**ASSIGNED TASK:** Keep every line in which "AjGw" occurs and drop the rest of the data.

SUPPLIED RECORDS below:

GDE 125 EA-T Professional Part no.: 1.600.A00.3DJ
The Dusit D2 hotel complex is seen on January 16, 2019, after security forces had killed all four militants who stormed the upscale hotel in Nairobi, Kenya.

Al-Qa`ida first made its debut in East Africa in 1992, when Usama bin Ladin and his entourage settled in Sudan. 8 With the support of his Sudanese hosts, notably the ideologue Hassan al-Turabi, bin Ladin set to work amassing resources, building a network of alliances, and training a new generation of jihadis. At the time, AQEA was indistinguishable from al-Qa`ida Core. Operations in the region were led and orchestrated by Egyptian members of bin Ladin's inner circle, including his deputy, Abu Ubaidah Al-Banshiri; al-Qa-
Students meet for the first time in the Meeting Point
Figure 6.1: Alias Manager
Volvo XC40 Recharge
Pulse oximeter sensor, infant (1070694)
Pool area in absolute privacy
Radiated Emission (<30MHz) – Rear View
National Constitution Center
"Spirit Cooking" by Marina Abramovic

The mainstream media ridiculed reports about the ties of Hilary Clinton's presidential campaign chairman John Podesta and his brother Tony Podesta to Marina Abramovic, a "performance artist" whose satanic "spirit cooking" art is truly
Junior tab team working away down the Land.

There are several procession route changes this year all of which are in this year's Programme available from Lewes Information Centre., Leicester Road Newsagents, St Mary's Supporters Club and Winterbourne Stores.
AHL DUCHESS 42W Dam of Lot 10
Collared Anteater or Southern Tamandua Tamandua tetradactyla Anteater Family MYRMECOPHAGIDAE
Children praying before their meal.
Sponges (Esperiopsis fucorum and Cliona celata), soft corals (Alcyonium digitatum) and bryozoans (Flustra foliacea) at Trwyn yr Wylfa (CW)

End of SUPPLIED RECORDS.
SUPPLIED RECORDS below:

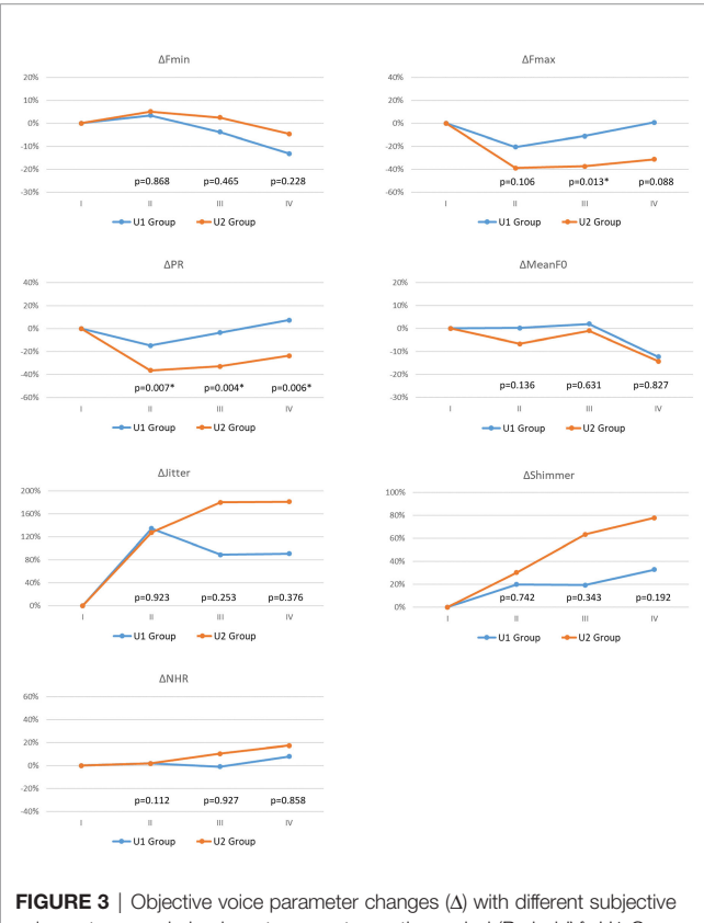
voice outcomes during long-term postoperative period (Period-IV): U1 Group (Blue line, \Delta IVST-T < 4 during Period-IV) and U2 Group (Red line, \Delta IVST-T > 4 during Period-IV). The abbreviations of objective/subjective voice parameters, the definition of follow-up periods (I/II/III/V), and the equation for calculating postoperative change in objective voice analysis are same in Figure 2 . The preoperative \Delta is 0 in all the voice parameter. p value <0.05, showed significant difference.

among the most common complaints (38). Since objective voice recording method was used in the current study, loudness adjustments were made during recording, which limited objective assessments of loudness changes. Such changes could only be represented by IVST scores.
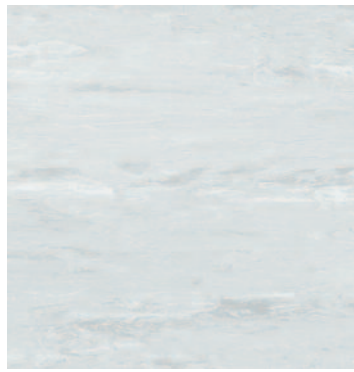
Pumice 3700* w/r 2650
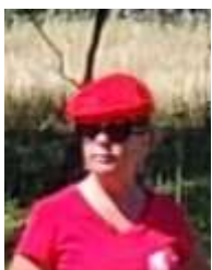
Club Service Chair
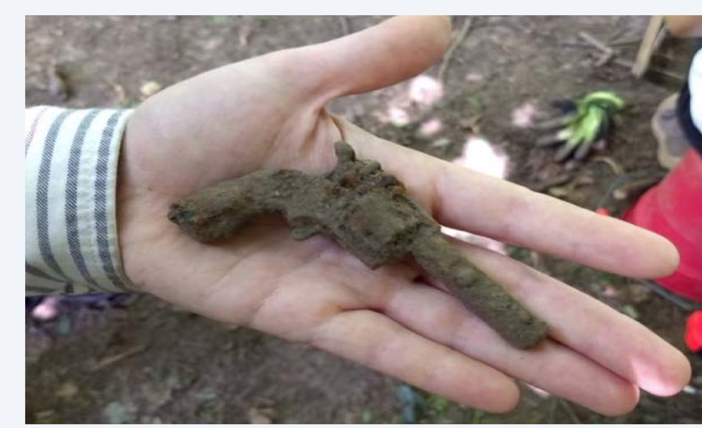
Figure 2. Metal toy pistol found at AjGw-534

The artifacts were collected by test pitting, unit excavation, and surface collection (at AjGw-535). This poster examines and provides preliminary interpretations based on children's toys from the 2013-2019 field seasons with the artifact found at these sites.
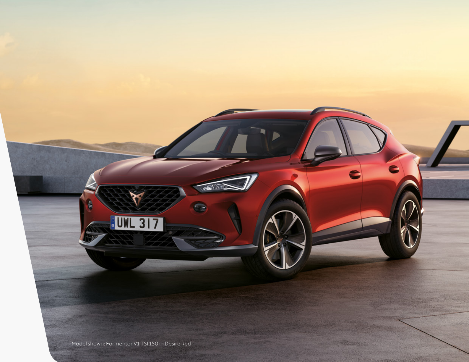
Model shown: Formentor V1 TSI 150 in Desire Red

End of SUPPLIED RECORDS.

**TASK RESULT:**
Figure 2. Metal toy pistol found at AjGw-534
The artifacts were collected by test pitting, unit excavation, and surface collection (at AjGw-535). This poster examines and provides preliminary interpretations based on children's toys from the 2013-2019 field seasons with the artifact found at these sites.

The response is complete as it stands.